A uniform board of length $L$ and weight $W$ is balanced on a fixed semicircular cylinder of radius $R$ as shown in the figure. If the plank is tilted slightly from its equilibrium position, then show that time period of oscillations is given by $T = \frac{\pi L}{\sqrt{3gR}}$ .

Opalg · #2 $Old$ May 30th, 2009, 01:48 AM

Quote:

Originally Posted by fardeen_gen $View Post$

A uniform board of length $L$ and weight $W$ is balanced on a fixed semicircular cylinder of radius $R$ as shown in the figure. If the plank is tilted slightly from its equilibrium position, then show that time period of oscillations is given by $T = \frac{\pi L}{\sqrt{3gR}}$ .

When the point of contact is at an angle $\theta$ with the vertical, the forces on the plank are its weight W (at the centre of the plank) and an upwards force N at the point of contact. The angular equation of motion (about the point of contact) is $I\ddot{\theta} = -Wd$ , where I is the moment of inertia about the point of contact, and d is the horizontal distance from the centre of the plank to the point of contact.

Assuming that $\theta$ is small, we can use the approximate value $d\approx R\theta$ . Also, we can assume that I is the same as the moment of inertia about the centre of the plank.

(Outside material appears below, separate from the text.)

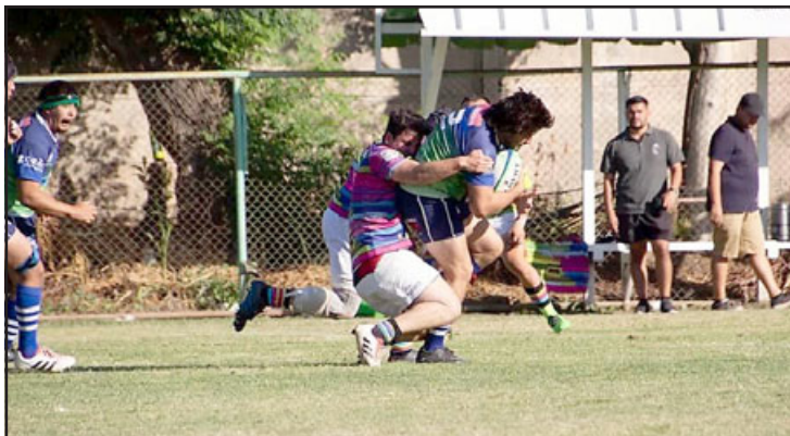
Los Halcones consiguieron su sexto triunfo consecutivo en la Arusa.

el equipo aconcağıino sigue en lo más alto de su división de la liga Arusa, convirtiéndose con propiedad, en candidato para quedarse con el título de su categoría.

The formula for the moment of inertia of a rod of mass m and length l about its midpoint is $I = \tfrac1{12}ml^2$ . So we take $I\approx \frac{WL^2}{12g}$ .

Then the (approximate) angular equation of motion is $\frac{WL^2}{12g}\ddot{\theta} = -WR\theta$ , or $\ddot{\theta} = -\frac{12Rg}{L^2}\theta$ . That is an SHM equation for a motion with period $2\pi/\sqrt{12Rg/L^2} = \pi L/\sqrt{3Rg}$ .